The firm writes that it expects Lightning to continue gradual and organic growth as well as introduce applications that expand bitcoin’s usability. In terms of bitcoin, the firm writes that it is likely to behave in a similar way to gold and other real assets during this interest rate hiking cycle. “We have already seen in December 2021 and January so far this year that bitcoin is extremely sensitive to the threat of interest rate hikes,” the report says.

The firm comments that on the one hand the US Federal Reserve (FED) has a mandate to control inflation, but it also has a mandate of stable prices. It is very challenging to see how the FED can control both at present, the firm says.

“Consequently, we see there being a high risk of a FED policy error (waiting too long and then raising interest rates too aggressively), with the USD then selling off, both of which are likely to be supportive of bitcoin and other real assets.”

CoinShares writes that while the US regulators continue their turf wars, and the Chinese regulators continue their approach of banning crypto; the EU regulatory framework will be the largest consumer marketplace where it is possible to provide regulated crypto products and services.
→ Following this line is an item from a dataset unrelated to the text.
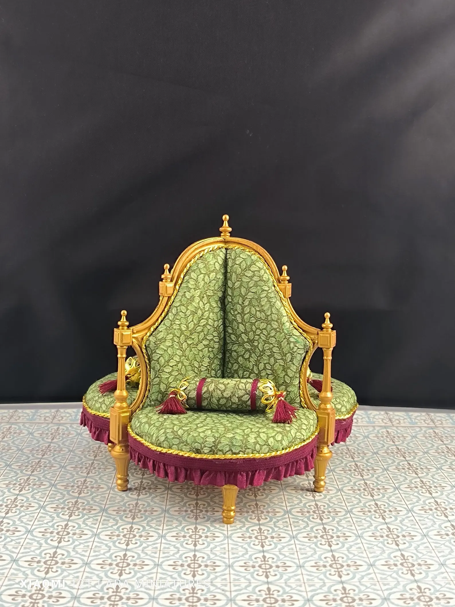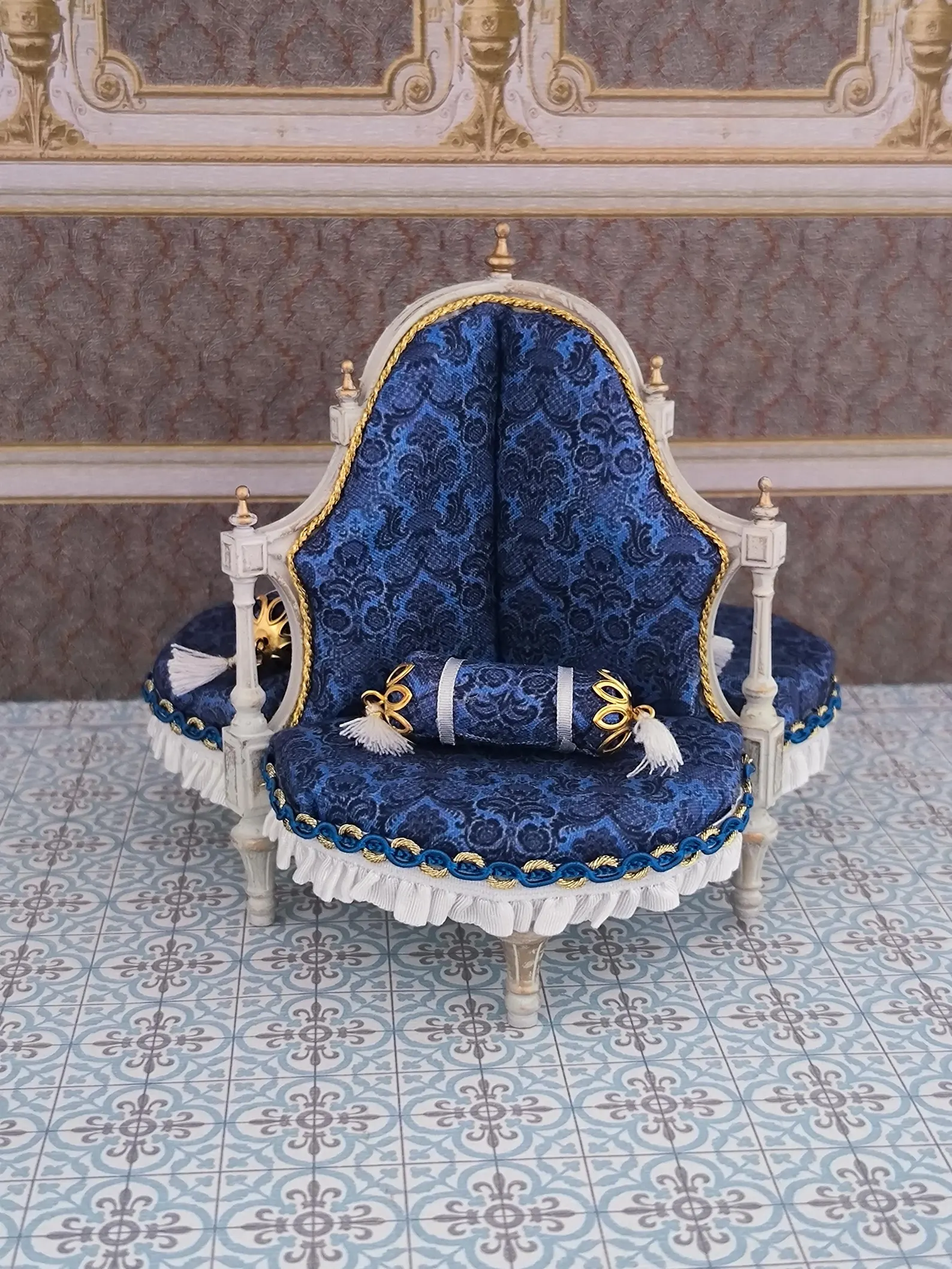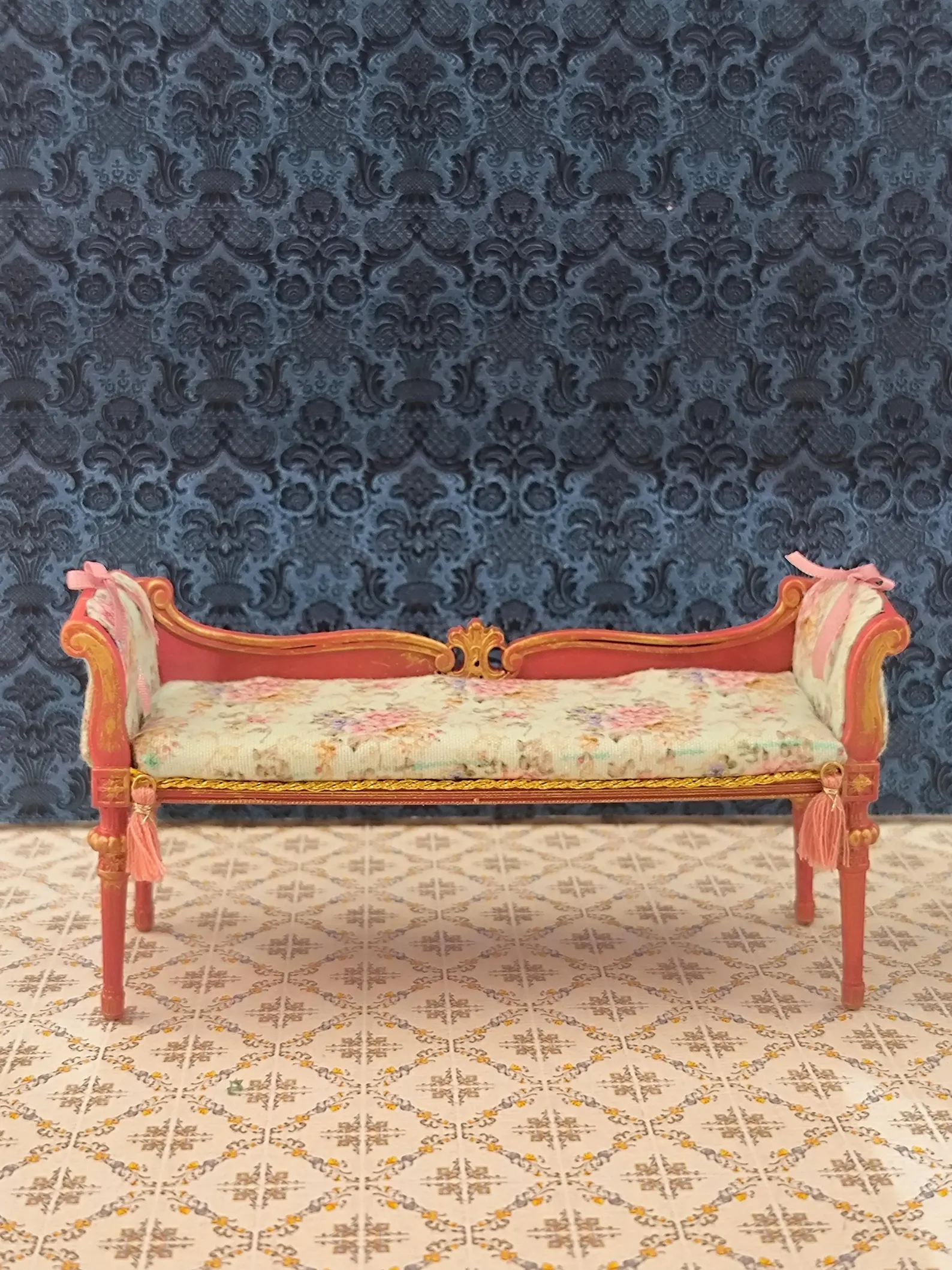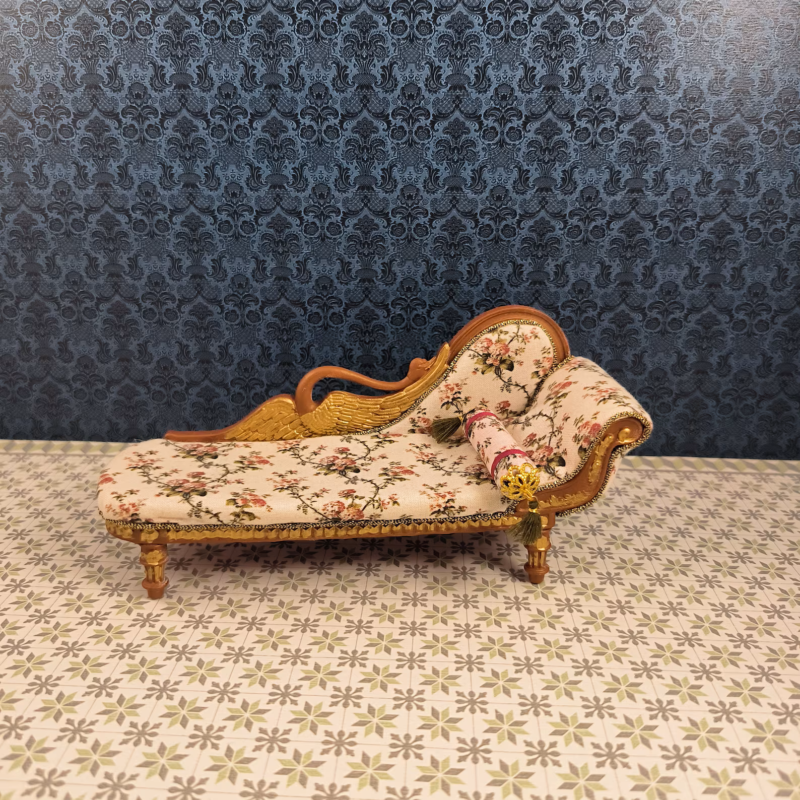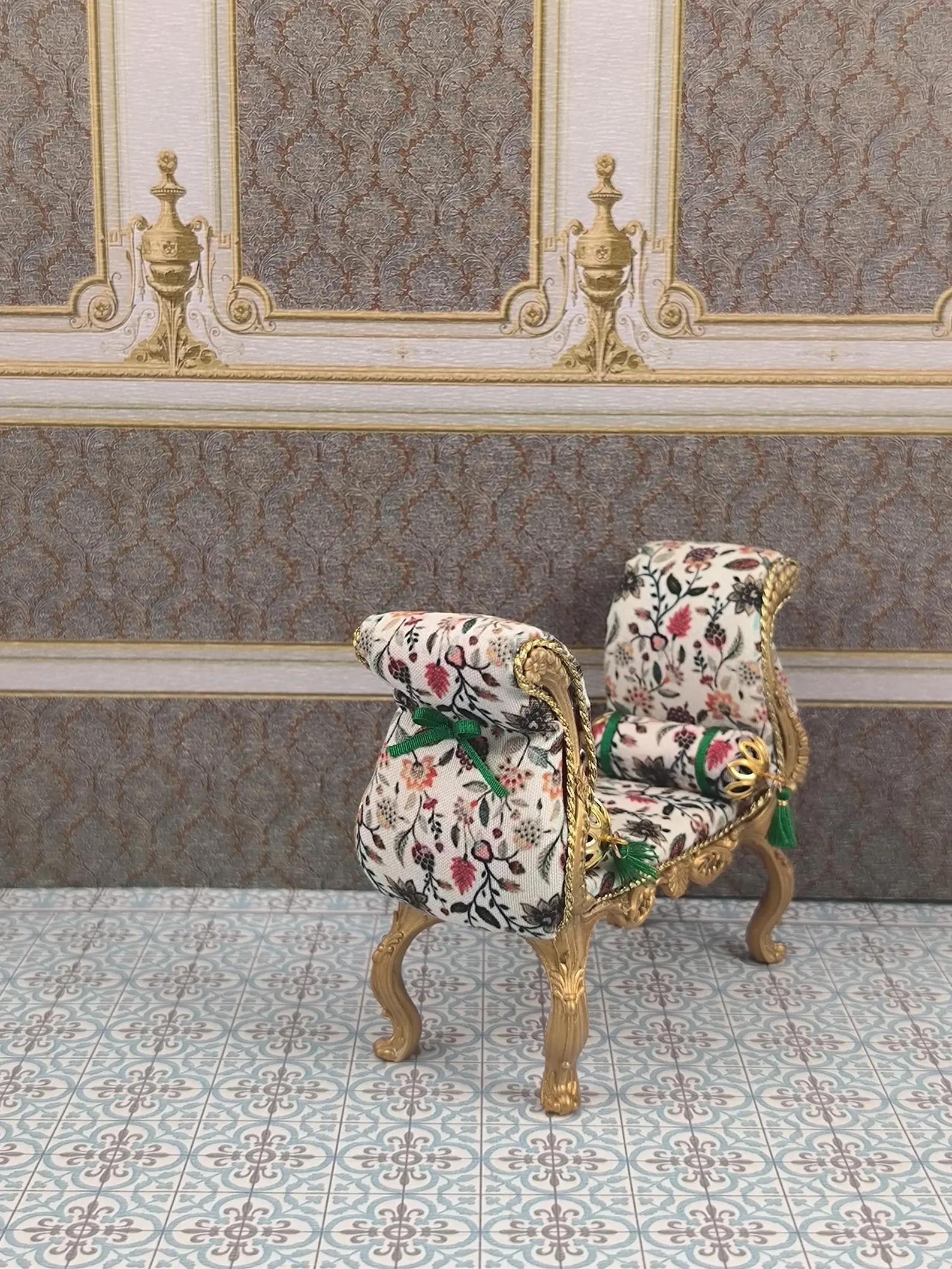 Sillón diván en miniatura para casa de muñecas victoriana a escala 1/12

“We expect users to continue demanding faster and cheaper interactions with crypto native applications, as well as developers to expand cross-chain application development. We believe bridges will grow in their importance as infrastructure to support the broader layer-one ecosystem, and as a result, increase the reliance upon and value held in the programs by which they operate.”

The report concludes: “North American miners have had a good year in 2021 and the best run operations are set to continue to be successful in 2022, but we would not expect the same pace of rapid growth as we saw throughout the past year.”